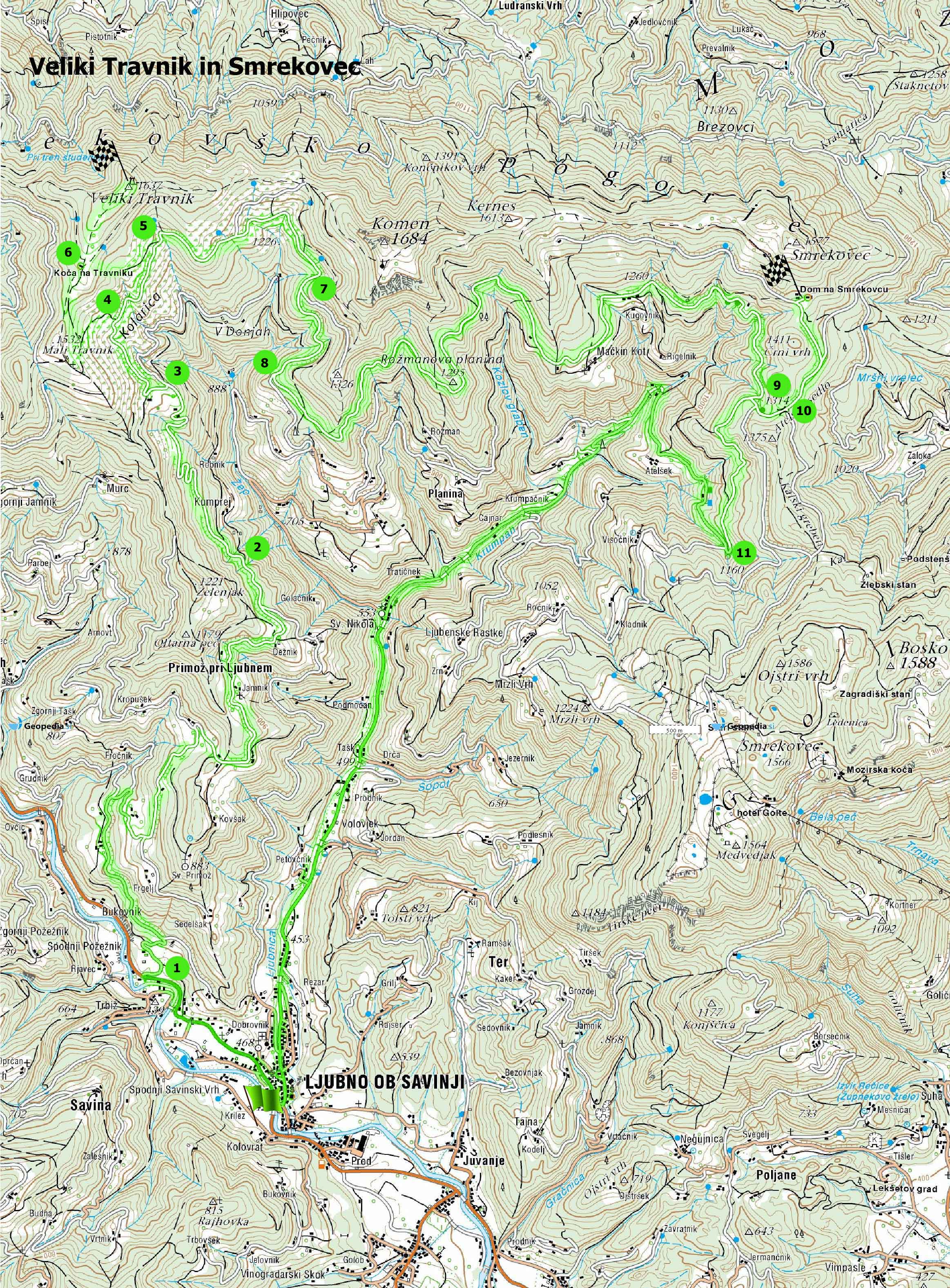 Od stolpa do koče (6) se vračamo po isti poti in nadaljujemo mimo koče po travniškem kolovozu. Pod kočo so luže za napajanje živali, tu se držimo levo. Potrebno je odpreti ogrado. Lepo prevozen kolovoz nas pripelje do ceste na mestu (4), ki smo ga gor grede prevozili (prvi kažipot za Travnik). Zavijemo levo, po enkrat že prevoženi poti, mimo mesta, kjer smo se odcepili za Travnik (5). Čez kilometer pridemo do odcepa in parkirišča za Komen. Nadaljujemo po cesti, zelo kmalu se odcepi na desno pešpot za partizansko bolnico Mrzle vode (10 min). Čez približno kilometer in pol se cesta razcepi (7). Leva cesta je slepa, zato gremo po desni. Slaba dva kilometra od tega razcepa se ostro levo odcepi gozdna cesta (8), glavna pa nadaljuje v dolino proti Planini. Če nimamo časa ali moči, gremo lahko tudi po tej, saj je precej krajša, v nasprotnem primeru pa nadaljujemo po gozdni cesti, kakih deset do dvanajst kilometrov, malo gor, malo dol. In seveda malo po ravnem. Cesta deluje precej “panoramska”, kot nekakšna polica pod Rožmanovo planino. Mestoma se ponujajo lepi razgledi na dolino, na Golte in Smrekovec… Cesta je na trenutke kar precej zaraščena, tako da se nisem mogel znebiti občutka, da le redki zaidejo nanjo. Za kolesarja, ki ne mara asfaltnih prometnic pravi raj, skratka. Pot nas pelje nad gorskimi kmetijami v Mačkinem kotu, mimo kmetije Kugovnik, od koder je le še par kilometrov do križišča (9), kjer odcep levo in navzgor pelje proti Smrekovcu, desno navzdol pa proti asfaltni cesti za Ljubno. Ker do Doma na Smrekovcu ni daleč, ga je vredno obiskati. V Ljubno se vračamo po isti poti, mimo odcepov za Stare Stane in Golte (10), mimo križišča od koder smo prišli (Kugovnik), pa do asfalta za Ljubno (11).
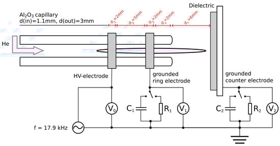 Figure 1 shows a schematic of the experimental setup. The plasma source consisted of an alumina capillary with a 3 mm outer and a 1.1 mm inner diameter. A gas flow of 2 slm helium was introduced through the capillary. A sinusoidal voltage was applied on the first copper electrode (high voltage (HV) electrode in Figure 1). To create a high voltage, a sinusoidal signal generated by a waveform generator (f = 17.9 kHz, PicoScope 3460B, Pico Technology, St Neots, UK) was amplified by a power amplifier (AG 1021, T&C Power, Rochester, NY, USA) in series with a high-voltage transformer. The second copper electrode was grounded. The dielectric surface had a distance to the opposing capillary orifice and was grounded via an attached copper plate. A high voltage probe (P6015A, Tektronix, Inc. Beaverton, OR, USA) was connected to the first ring electrode for high voltage measurements. To measure the input power, a current monitor (6585 Pearson Electronics, Palo Alto, CA, USA) was placed around the input HV line. Optionally, the current over resistors or the voltage drop over Styroflex capacitors pF was measured with voltage probes (TA131, Pico Technology, St Neots, UK), where i represents the grounded ring electrode (1) and the grounded counter electrode (2).
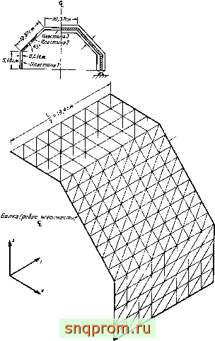 Фиг. 11.15. Складчатая конструкция из пластин [23]. Расчетная схема, нагружеиие и сетка элементов.
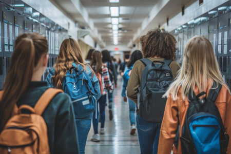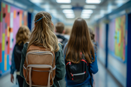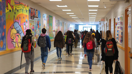 A group of students strolls down a vibrant school corridor, each carrying backpacks and chatting, capturing the essence of youthful energy and learning in a modern educational environment.
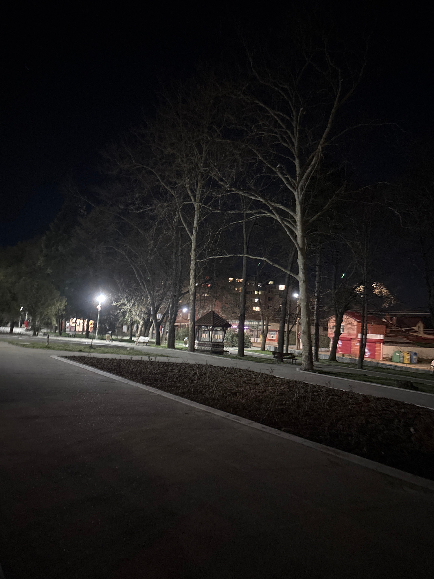 The image depicts a nighttime scene within a public park or green space in Tutrakan, Bulgaria. The foreground features a dark, paved pathway, running diagonally from the lower left towards the mid-rigβ¦read more
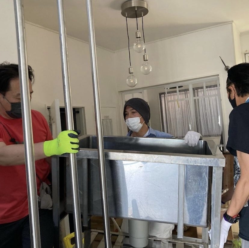 ケア施設に運び入れるわんちゃん用バスタブも男性スタッフが力を合わせてくれたおかげで、なんとか運び込めました。
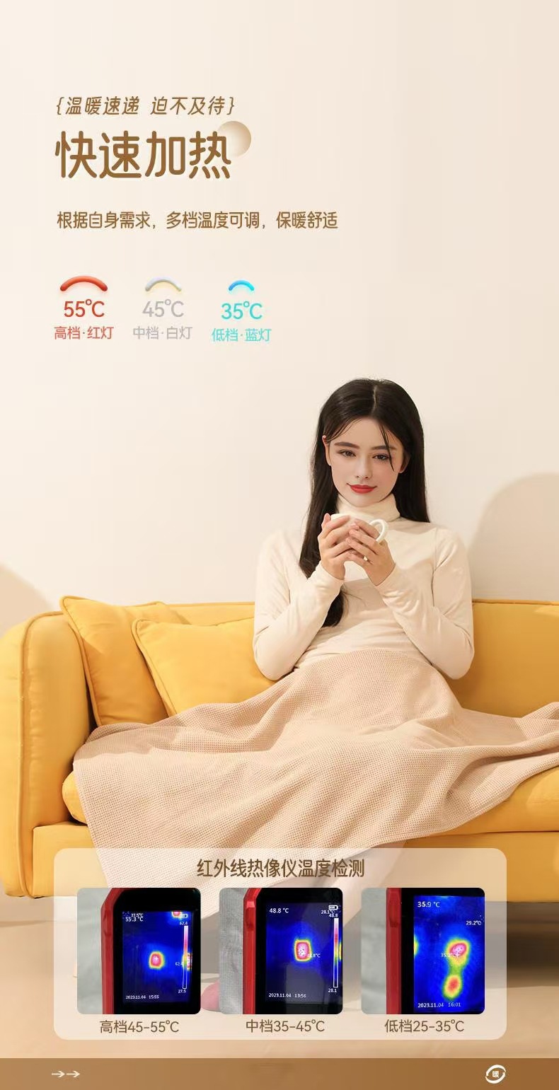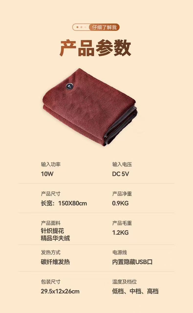 冬季【石墨烯USB加热披毯】护肩护腰护膝加热垫盖毯 远红外热敷养生电热毯
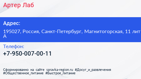 Артер-Лаб по адресу 195027, Россия, Санкт-Петербург, Магнитогорская, 11 лит А в дальнейшем Организация, размещена в следующих категориях:
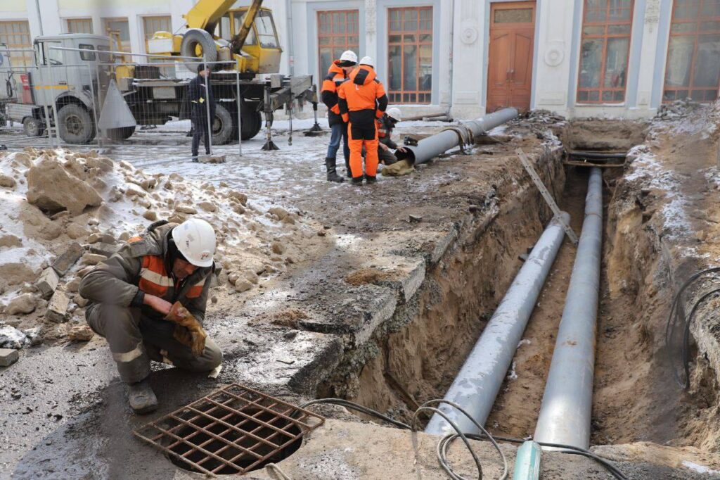 На аварийном участке демонтировали рельсошпальную решетку трамвайных путей, провели земляные работы, удалили фрагмент старого трубопровода диаметром 100 мм, на котором обнаружили дефект. Сейчас там завершают монтаж нового участка стальных труб. Заменили свыше 40 метров трубопровода, присоединили трубы к тепловой камере.
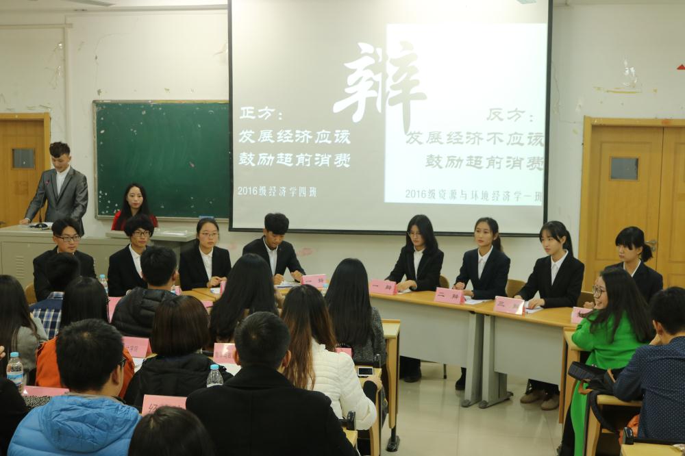 决赛双方围绕“发展经济是否应当鼓励超前消费”的辩题展开辩论。正方先声夺人,以“鼓励超前消费对发展经济具有促进作用”为论点展开理论陈述�从经济量的积累、经济质量的提高、经济结构的完善三方面着手,妙语连珠,势如破竹。反方思维缜密,机智应变,以“鼓励超前消费会给经济发展带来不可忽视的负面影响”为切入点,运用直接和间接两种方法,结合个人和社会两个层面,立稳阵脚,层层剖析。双方辩手唇枪舌剑,旁征博引,展开激烈交锋,赛场气氛紧张激烈。中场休息阶段,双方亲友团带来精彩的歌曲串烧和街舞表演,现场精彩不停,掌声不断。最�2016级经济学四班摘得桂冠,资源与环境经济学一班获得第二名;朱青、谢春旭�6名同学获得优秀辩手称号�
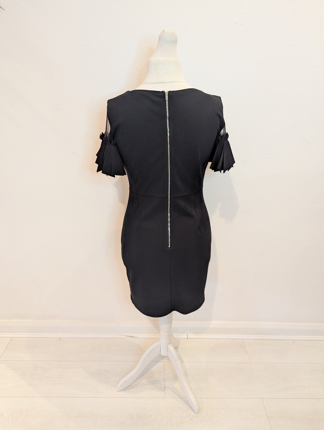 Condition: Excellent preloved condition no signs of wear. A dress to shape you in all the right places with a sheer and pleated sleeves. Back zip fastening
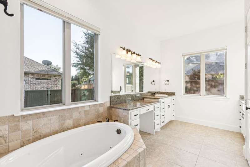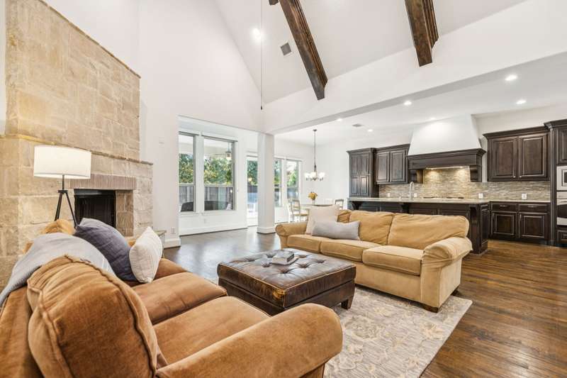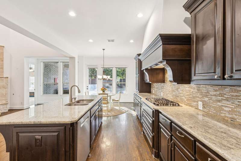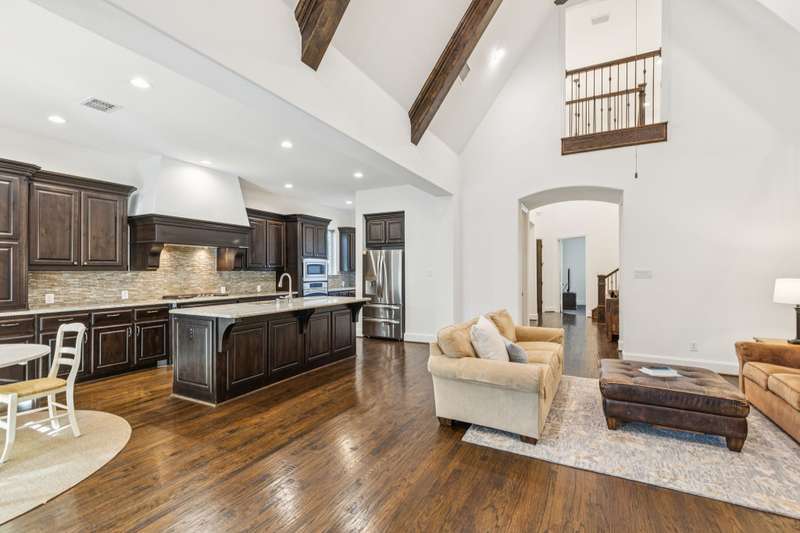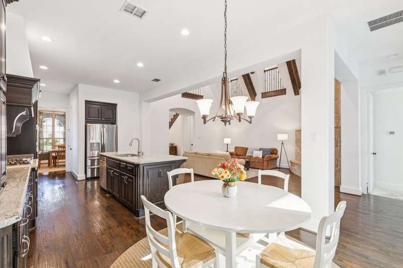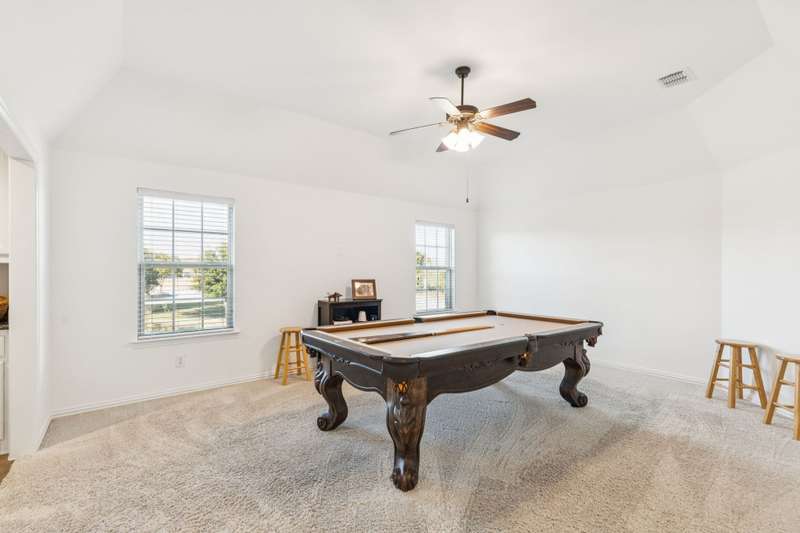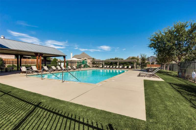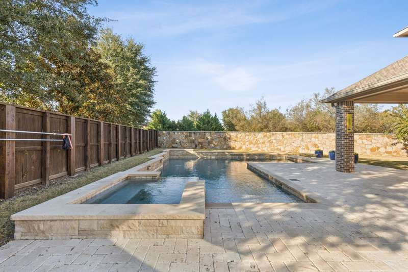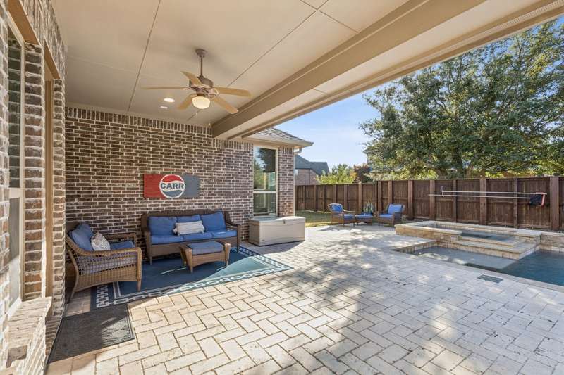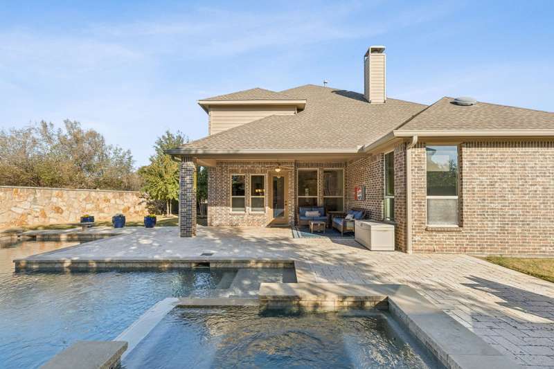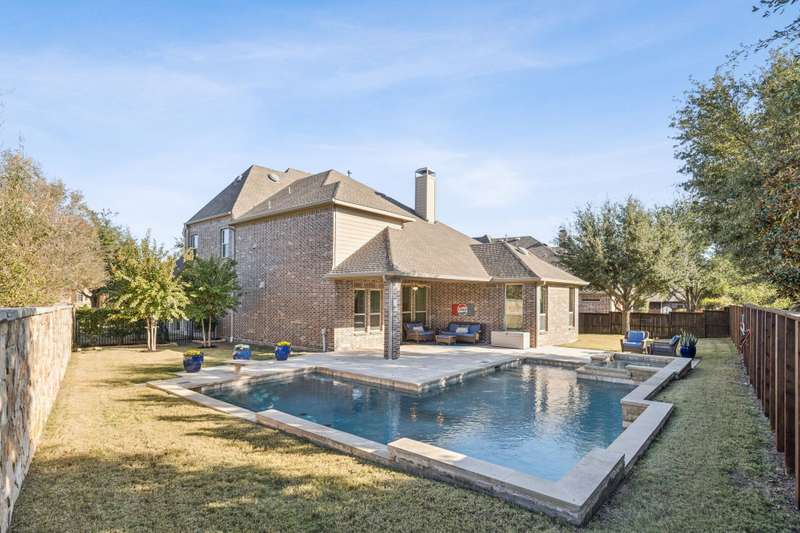 Welcome to 921 Escalante in Whitley Place, a stunning Prosper residence that perfectly blends elegance, comfort and resort-style living! This beautifully crafted home impresses from the moment you arrive with its inviting covered front porch, a perfect place to relax and enjoy the peaceful surroundings. Step inside to find rich hardwood floors that flow seamlessly through the entry, dining, family room, and kitchen, creating warmth and continuity throughout the main living areas. A private study with French doors provides a quiet space for work or reading. The family room is the heart of the home, featuring a striking stone fireplace, soaring vaulted ceilings with wood beams, and large windows that fill the space with natural light. The open-concept design leads effortlessly into the chefs kitchen, complete with a large island, granite countertops, stainless steel appliances, a gas cooktop and an expansive breakfast nook. The luxurious primary suite on the main floor is a true retreat with ample space for a sitting area and an en-suite bath featuring granite countertops, a garden tub, separate shower and a spacious walk-in closet. A secondary bedroom with a full bath downstairs provides excellent flexibility. Upstairs, discover a large game room and a dedicated media room perfect for movie nights. Two additional bedrooms share a stylish Jack-n-Jill bath, offering comfort and privacy. The utility room is well-equipped with space for a freezer and plumbing for a sink, adding to the homes practicality. Step outside to your personal paradise! The covered patio overlooks an incredible backyard oasis complete with a sparkling pool, relaxing spa, and diving board, the ultimate setup for year-round fun and relaxation. Theres plenty of space for outdoor dining, lounging, or hosting unforgettable summer gatherings. Located in the sought-after Whitley Place community, residents enjoy walking trails, ponds, parks, playgrounds and access to top-rated Prosper ISD schools.

● ● ● ● ●

What this task involves: Look above for the line with "ケア施設に運び入れるわんちゃ" and the line with "На аварийном участке". Give again exactly those two lines and all lines between them, pictures excluded.

Response area:
 ケア施設に運び入れるわんちゃん用バスタブも男性スタッフが力を合わせてくれたおかげで、なんとか運び込めました。
 冬季【石墨烯USB加热披毯】护肩护腰护膝加热垫盖毯 远红外热敷养生电热毯
 Артер-Лаб по адресу 195027, Россия, Санкт-Петербург, Магнитогорская, 11 лит А в дальнейшем Организация, размещена в следующих категориях:
 На аварийном участке демонтировали рельсошпальную решетку трамвайных путей, провели земляные работы, удалили фрагмент старого трубопровода диаметром 100 мм, на котором обнаружили дефект. Сейчас там завершают монтаж нового участка стальных труб. Заменили свыше 40 метров трубопровода, присоединили трубы к тепловой камере.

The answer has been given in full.